What a luxury, gazing at the stars in the here and now. My sole focus is on the course, constantly requiring adjustment at the helm. I listen to the wind, shifting subtly with every small correction. I hear the wind itself, and sometimes the sails flutter briefly.
It is now about half past one. We just experienced a brief, intense tropical shower in the dark. One of us rushes inside for a cup of tea, another pulls their hood tightly over their head. I hear some grumbling, and above all, the gentle splashes of warm rain. Not unpleasant. Strong wind accompanies it. The Eendracht rocks on the waves, rolling heavily.
Yesterday, seawater sometimes spilled over the port side rail. During the day, we watched one or two whales swim alongside the starboard side for hours. It seemed like a game. One whale approached, and when it came close, we saw its belly turning toward the ship gorgeous white. The water, which first seemed so impenetrably black, suddenly revealed itself as transparent; you could see the whale gliding beneath the surface.

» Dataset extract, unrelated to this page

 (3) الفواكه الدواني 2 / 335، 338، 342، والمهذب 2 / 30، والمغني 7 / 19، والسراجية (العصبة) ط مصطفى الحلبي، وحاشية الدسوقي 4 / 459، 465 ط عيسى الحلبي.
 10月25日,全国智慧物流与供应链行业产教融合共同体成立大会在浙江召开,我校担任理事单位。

And now, in the night, we barely recognize each other in the darkness. I see the outline of a tall figure at the helm. Because Cees is nearly two meters, I assume it is him. The sky is full of stars and haze, mist swirling along the horizon. We watch the Big Dipper slowly emerge at the horizon, first vertical, then gradually tilting. Paula says it will soon be “in the drying rack,” upside down.
As I write in the day cabin, I hear sounds from the galley tosties being made. Meanwhile, two of us conduct an inspection of the hold. Outside, our quartermaster Jeroen methodically climbs and checks the sails’ tension and whether all ropes are secured.

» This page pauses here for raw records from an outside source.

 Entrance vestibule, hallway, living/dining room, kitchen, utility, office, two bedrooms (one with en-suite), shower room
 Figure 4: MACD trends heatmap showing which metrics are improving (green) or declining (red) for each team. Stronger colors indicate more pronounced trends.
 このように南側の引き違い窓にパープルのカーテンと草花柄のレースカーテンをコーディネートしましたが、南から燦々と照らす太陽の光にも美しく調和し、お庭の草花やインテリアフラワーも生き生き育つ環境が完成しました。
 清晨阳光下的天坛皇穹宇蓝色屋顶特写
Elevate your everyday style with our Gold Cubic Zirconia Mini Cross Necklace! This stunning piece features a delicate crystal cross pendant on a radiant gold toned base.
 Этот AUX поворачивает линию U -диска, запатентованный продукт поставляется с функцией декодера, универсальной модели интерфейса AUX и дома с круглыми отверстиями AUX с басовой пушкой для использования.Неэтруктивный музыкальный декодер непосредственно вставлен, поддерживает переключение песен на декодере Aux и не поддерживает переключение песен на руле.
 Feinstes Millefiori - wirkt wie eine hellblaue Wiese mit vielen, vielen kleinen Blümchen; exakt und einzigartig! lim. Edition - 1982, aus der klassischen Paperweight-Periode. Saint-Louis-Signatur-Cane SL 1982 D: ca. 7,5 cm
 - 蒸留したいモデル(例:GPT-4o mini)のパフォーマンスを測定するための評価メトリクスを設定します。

Soon it will be four o’clock, and the watch will be over. If we skip breakfast, we can sleep until half past eleven, just in time for lunch essentially a brunch for us Hounds. Then probably back on our feet, ready for a tack?
This entire voyage proceeds at a flying pace. Perhaps the Eendracht has never crossed the ocean so quickly, averaging nearly ten knots, I think. In the past days and nights, we’ve sailed hours at twelve knots, working relentlessly at the helm as the swell continuously alters the course.
I realize what a bunch of fools we really are, rushing daily back home in the rat race of digital devices, smartphones, and constant WhatsApp messages.